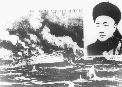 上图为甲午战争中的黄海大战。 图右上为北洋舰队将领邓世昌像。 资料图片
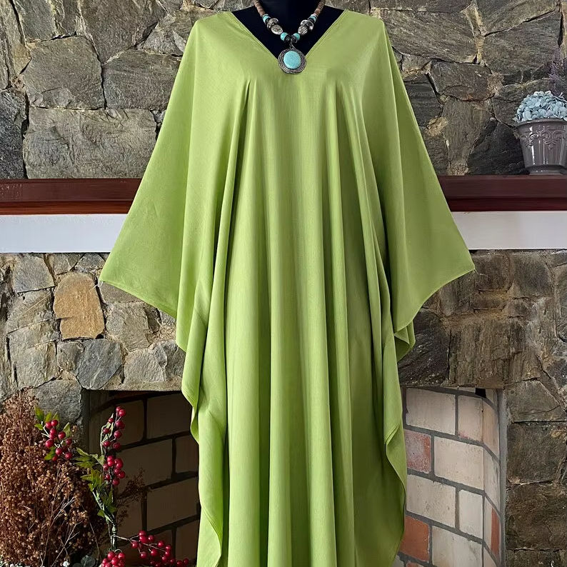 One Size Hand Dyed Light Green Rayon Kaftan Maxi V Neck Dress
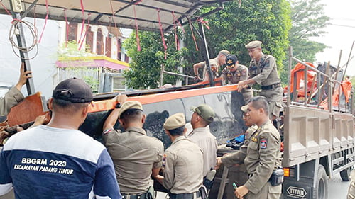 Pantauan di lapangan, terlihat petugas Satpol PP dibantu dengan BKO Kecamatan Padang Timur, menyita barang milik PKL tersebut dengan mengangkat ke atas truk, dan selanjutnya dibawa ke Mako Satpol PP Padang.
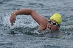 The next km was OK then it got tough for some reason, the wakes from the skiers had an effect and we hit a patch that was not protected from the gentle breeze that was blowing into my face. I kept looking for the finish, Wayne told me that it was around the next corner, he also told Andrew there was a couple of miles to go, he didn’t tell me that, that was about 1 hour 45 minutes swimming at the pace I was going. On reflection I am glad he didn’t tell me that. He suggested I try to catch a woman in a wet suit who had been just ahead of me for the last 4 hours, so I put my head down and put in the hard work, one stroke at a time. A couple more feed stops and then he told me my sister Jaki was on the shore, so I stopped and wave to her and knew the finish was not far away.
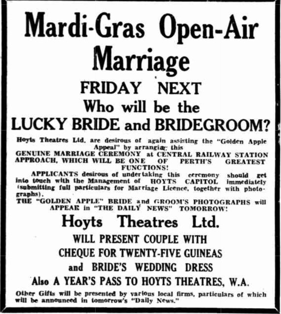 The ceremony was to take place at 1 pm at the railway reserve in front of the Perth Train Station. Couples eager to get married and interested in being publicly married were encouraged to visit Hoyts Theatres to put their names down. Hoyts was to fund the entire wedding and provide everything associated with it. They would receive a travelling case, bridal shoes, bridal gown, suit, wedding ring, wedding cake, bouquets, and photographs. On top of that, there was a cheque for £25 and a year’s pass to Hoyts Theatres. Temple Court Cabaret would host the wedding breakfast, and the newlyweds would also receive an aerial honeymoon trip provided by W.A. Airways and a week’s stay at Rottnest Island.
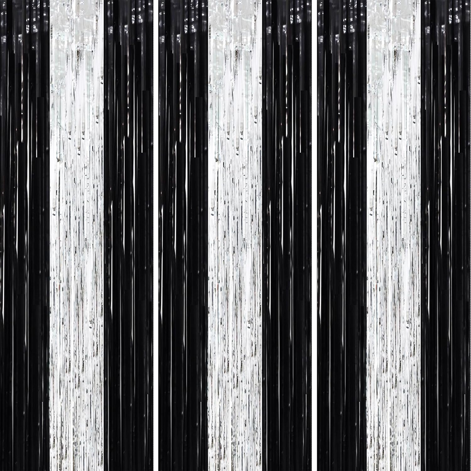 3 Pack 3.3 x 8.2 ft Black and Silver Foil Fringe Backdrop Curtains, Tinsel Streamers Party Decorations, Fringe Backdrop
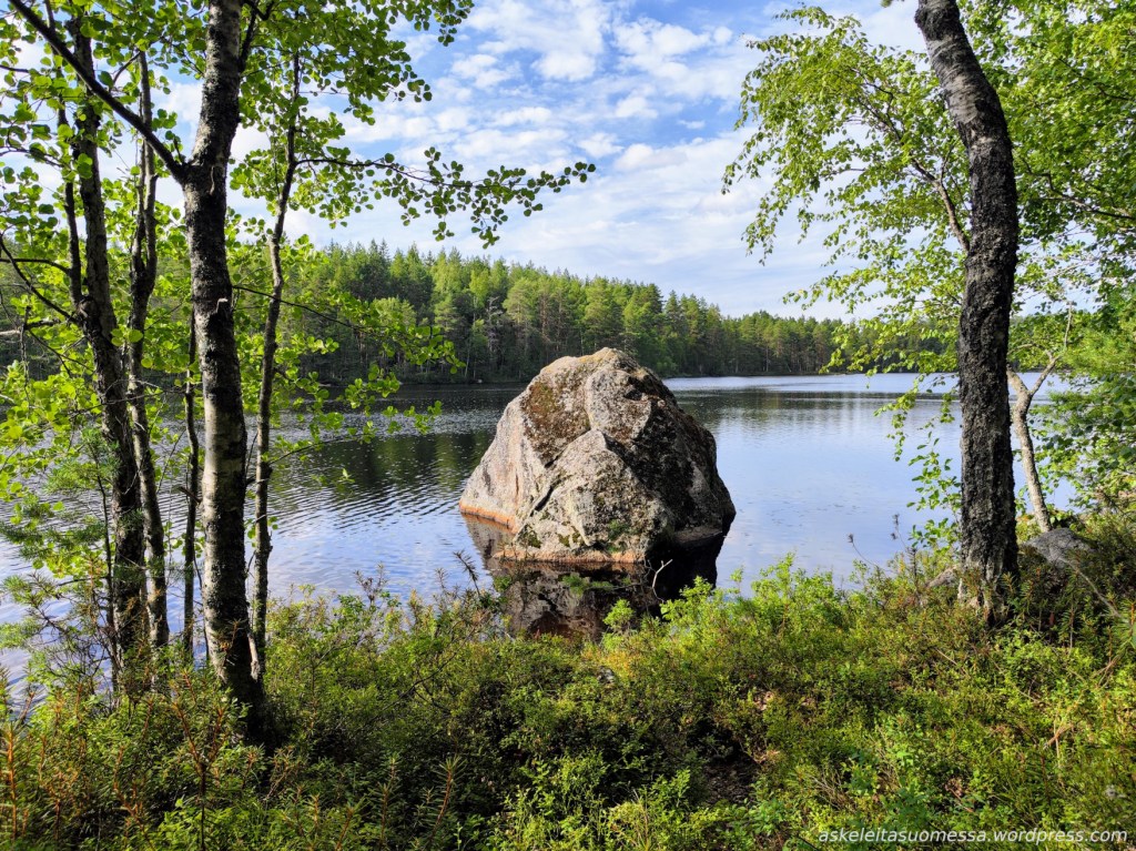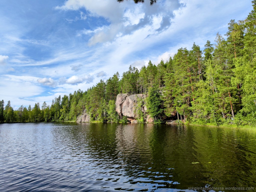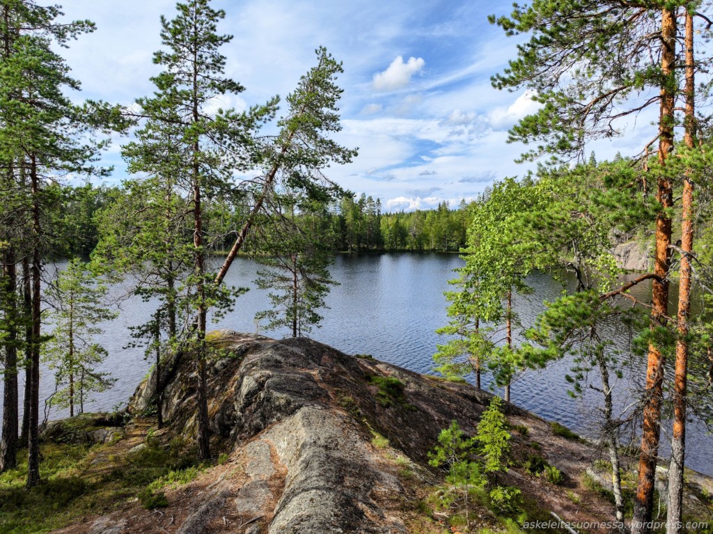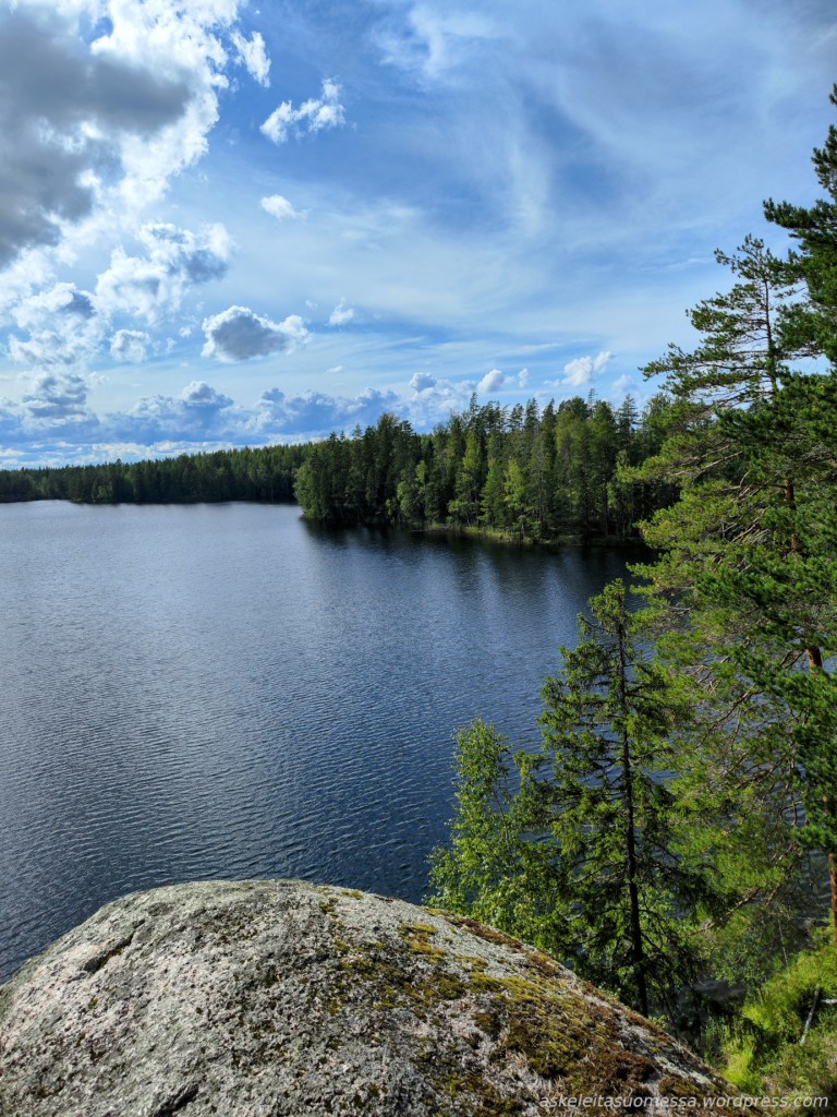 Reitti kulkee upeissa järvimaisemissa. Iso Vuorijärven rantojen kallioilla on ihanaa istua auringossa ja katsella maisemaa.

==

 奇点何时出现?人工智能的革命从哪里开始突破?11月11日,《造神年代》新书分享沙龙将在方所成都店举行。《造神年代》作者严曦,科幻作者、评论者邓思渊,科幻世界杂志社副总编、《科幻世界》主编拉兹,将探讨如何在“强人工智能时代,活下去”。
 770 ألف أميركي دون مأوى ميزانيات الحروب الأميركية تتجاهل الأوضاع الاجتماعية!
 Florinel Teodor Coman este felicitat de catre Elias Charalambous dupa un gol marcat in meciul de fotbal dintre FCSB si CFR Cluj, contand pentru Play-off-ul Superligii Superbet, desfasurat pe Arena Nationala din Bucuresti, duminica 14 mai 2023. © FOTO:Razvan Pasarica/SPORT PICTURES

...

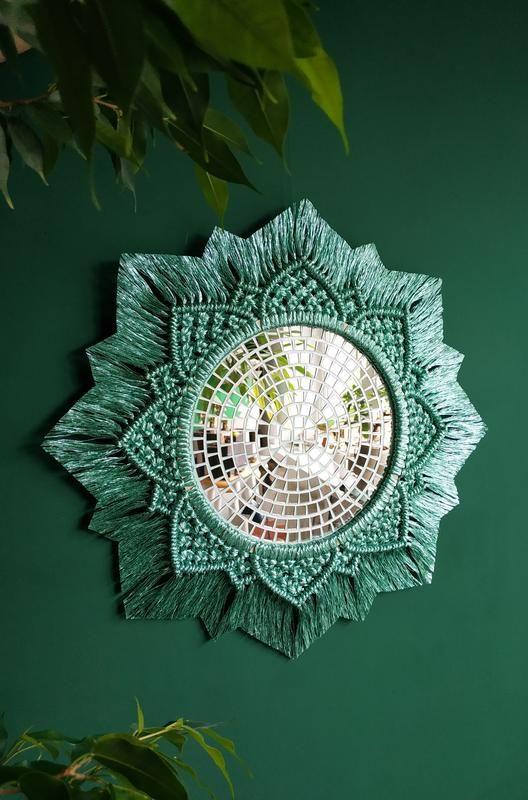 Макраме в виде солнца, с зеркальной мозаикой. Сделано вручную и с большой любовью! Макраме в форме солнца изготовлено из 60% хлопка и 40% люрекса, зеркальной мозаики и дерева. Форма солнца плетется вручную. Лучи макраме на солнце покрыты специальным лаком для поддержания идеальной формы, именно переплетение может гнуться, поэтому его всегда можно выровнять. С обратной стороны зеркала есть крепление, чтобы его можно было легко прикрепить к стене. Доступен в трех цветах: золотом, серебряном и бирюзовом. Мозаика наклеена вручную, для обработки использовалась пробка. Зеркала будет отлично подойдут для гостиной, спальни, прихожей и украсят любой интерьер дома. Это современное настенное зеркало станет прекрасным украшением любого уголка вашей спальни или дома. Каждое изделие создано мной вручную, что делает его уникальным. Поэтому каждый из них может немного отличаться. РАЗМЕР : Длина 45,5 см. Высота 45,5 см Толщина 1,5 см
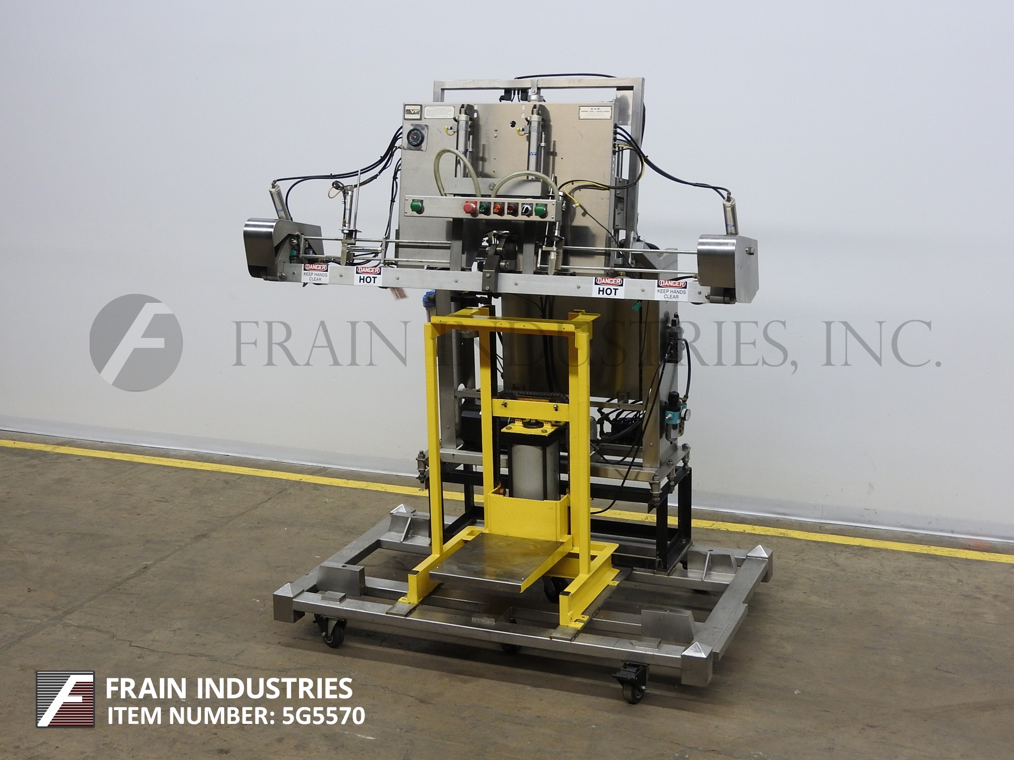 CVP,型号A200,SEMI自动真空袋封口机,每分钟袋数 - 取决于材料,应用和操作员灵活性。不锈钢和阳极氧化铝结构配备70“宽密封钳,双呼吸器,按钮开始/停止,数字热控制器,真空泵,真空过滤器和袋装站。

Exercise goal:
Above are entries with pictures among them. Write out exactly the lines from the one containing "上图为甲午战争中的黄海大战。 图右上为北洋舰队将领邓世昌像。 资料图片" through the one containing "Pantauan di lapangan, terlihat", ends included, and leave those pictures out.

Problem solution:
 上图为甲午战争中的黄海大战。 图右上为北洋舰队将领邓世昌像。 资料图片
 One Size Hand Dyed Light Green Rayon Kaftan Maxi V Neck Dress
 Pantauan di lapangan, terlihat petugas Satpol PP dibantu dengan BKO Kecamatan Padang Timur, menyita barang milik PKL tersebut dengan mengangkat ke atas truk, dan selanjutnya dibawa ke Mako Satpol PP Padang.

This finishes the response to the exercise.